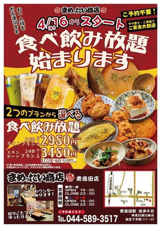 株式会社SANKO MARKETING FOODS(本店:東京都中央区、代表取締役社長:長澤 成博、証券コード:2762)は、2026年4月、神奈川県川崎市・鹿島田エリアに大衆酒場『まめったい商店 鹿島田店』をオープンいたします。本店舗は、「まめったい商店」ブランドとして4店舗目の出店となります。
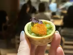 各式开胃菜琳琅满目,每一道都精心烹制,令人回味无穷。炸土豆丸子配清酒糟奶油,看似不搭调,却意外地美味,让人欲罢不能。金枪鱼牛油果海苔天妇罗佐以泡沫酱油和牛油果酱,牛油果的绵密、酱油的鲜美以及芥末的辛辣完美融合,令人回味无穷!
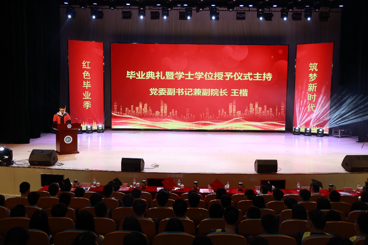 六月芳华,通达骊歌,又是一年毕业季。6月22日上午,“红色毕业季 筑梦新时代”——2021届本科生毕业典礼暨学位授予仪式在太阳官网大学生活动中心礼堂隆重举行。古天乐代言太阳集团城网址党委常委、副校长荆晅教授,全体院领导出席典礼。各职能部门和二级学院负责人、2021届毕业生、家长代表、教师代表和宿舍管理员代表等参加了典礼。毕业典礼由党委副书记兼副院长王楷主持。
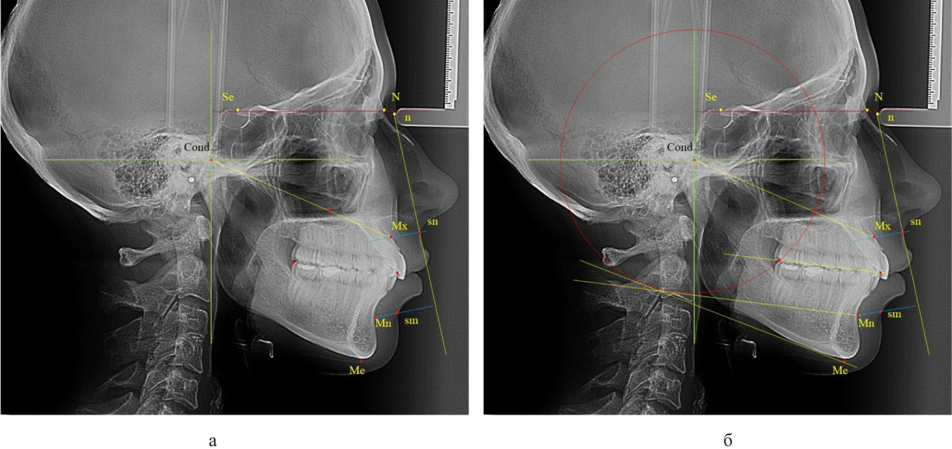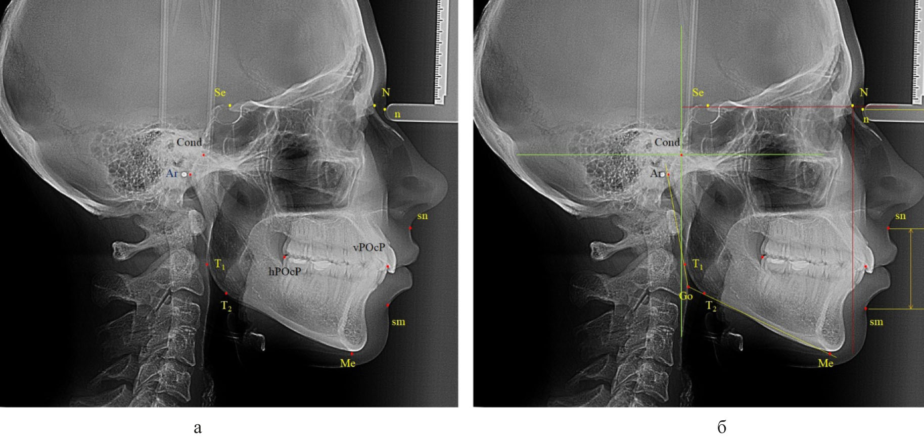 Рис. 2. Точки (а) и линии (б) для анализа угла нижней челюсти

WHAT THE EXERCISE ASKS —
Every line above should be returned exactly; the pictures stay out.

TASK SOLUTION —
 株式会社SANKO MARKETING FOODS(本店:東京都中央区、代表取締役社長:長澤 成博、証券コード:2762)は、2026年4月、神奈川県川崎市・鹿島田エリアに大衆酒場『まめったい商店 鹿島田店』をオープンいたします。本店舗は、「まめったい商店」ブランドとして4店舗目の出店となります。
 各式开胃菜琳琅满目,每一道都精心烹制,令人回味无穷。炸土豆丸子配清酒糟奶油,看似不搭调,却意外地美味,让人欲罢不能。金枪鱼牛油果海苔天妇罗佐以泡沫酱油和牛油果酱,牛油果的绵密、酱油的鲜美以及芥末的辛辣完美融合,令人回味无穷!
 六月芳华,通达骊歌,又是一年毕业季。6月22日上午,“红色毕业季 筑梦新时代”——2021届本科生毕业典礼暨学位授予仪式在太阳官网大学生活动中心礼堂隆重举行。古天乐代言太阳集团城网址党委常委、副校长荆晅教授,全体院领导出席典礼。各职能部门和二级学院负责人、2021届毕业生、家长代表、教师代表和宿舍管理员代表等参加了典礼。毕业典礼由党委副书记兼副院长王楷主持。
 Рис. 2. Точки (а) и линии (б) для анализа угла нижней челюсти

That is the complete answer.